[ 
https://issues.apache.org/jira/browse/HADOOP-2341?page=com.atlassian.jira.plugin.system.issuetabpanels:comment-tabpanel#action_12549608
 ] 

stack commented on HADOOP-2341:
-------------------------------

Raghu:  Thanks for responding.

Now we've done the tracing, I suppose it makes sense that an open hdfs file 
descriptor consumes a socket, thread, buffers, etc. in the data node.  That the 
cost is so high was a bit of a surprise going by the client side with its 
having only one connection to the datanode (Are there plans to do as Michael B 
asks above making server side do selects instead of a socket-per file?).

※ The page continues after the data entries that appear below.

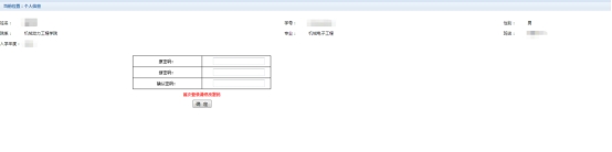 系统登陆后,会显示个人信息页面,如下图所示。包括学号、姓名、院系、班级等信息。请在确认个人信息中的学号、姓名无误后修改初始密码,然后进行缴费。在缴费过程中请确保菜单栏下方的当前用户信息无误。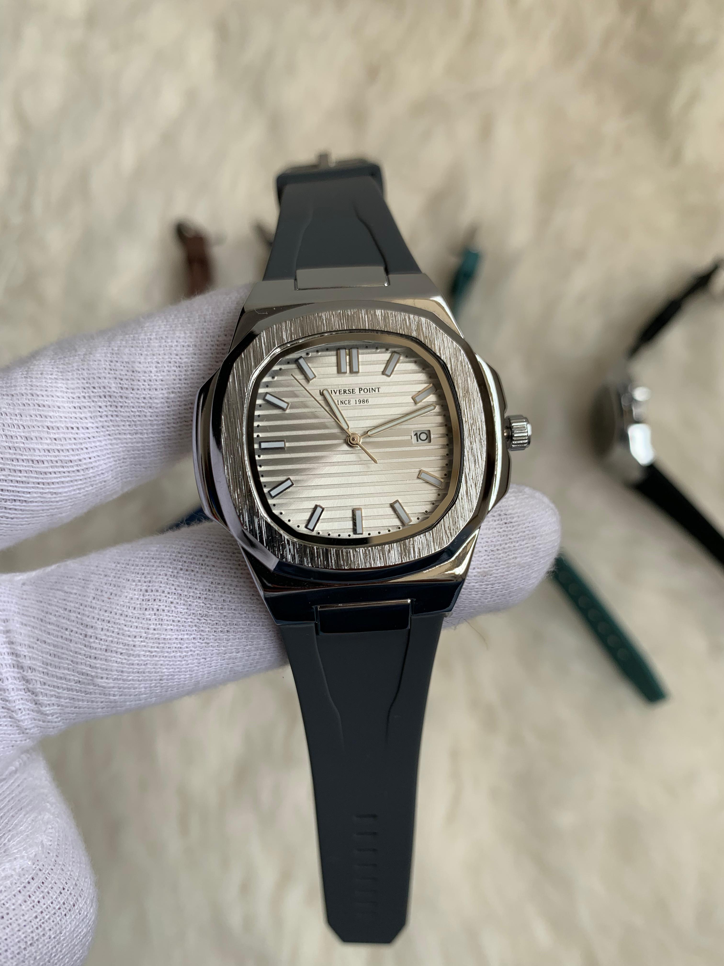 A perfect balance of sporty elegance and everyday versatility, the Universe Point Nautic Edition features a brushed bezel, textured dial, and minimal date display for a clean, modern look. Its rounded-square case design adds a contemporary touch, while the comfortable strap ensures it’s ideal for both casual wear and refined occasions. A reliable statement piece for those who appreciate unique aesthetics with timeless appeal.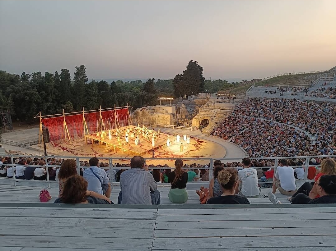그리스 극장에서 인간의 영광을 보고,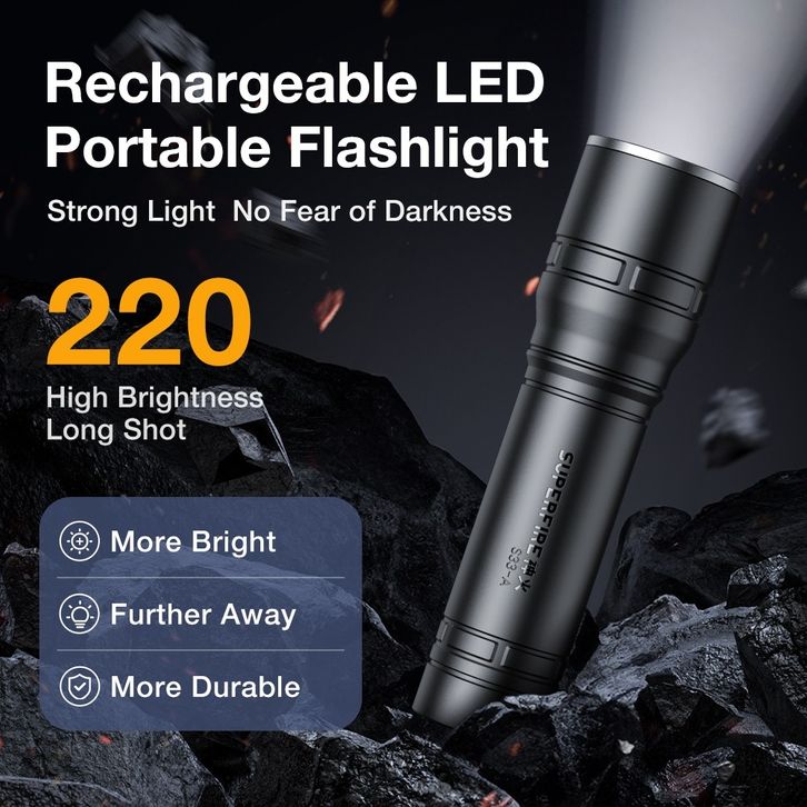 Flashvoy&Superfire L11 Senter LED Super Terang Tahan Lama Type C Rechargeable Portable Jarak Jauh SOS Flashlight

I found some leaks after instrumenting SequenceFile and I upped the size of the 
files we keep over hdfs so we have less open files at any one time.   This 
helps some.  There still seems to be an issue w/ our not closing down 
everything as I see outstanding CLOSE_WAITS after I'm done with an upload.  I'm 
now trying to instrument DFSClient to see if I can figure whats going on.

In hbase, a table is made of regions; regions are made of stores and stores are 
made of mapfiles where the key is row/column/timestamp and the value is the 
cell data.  hbase keeps open all mapfiles so access to a 'row' is 'fast'.  Open 
mapfiles will have their index in memory, the socket connection up, etc.  The 
alternative of opening a file on every row access, I'd imagine, would be slower.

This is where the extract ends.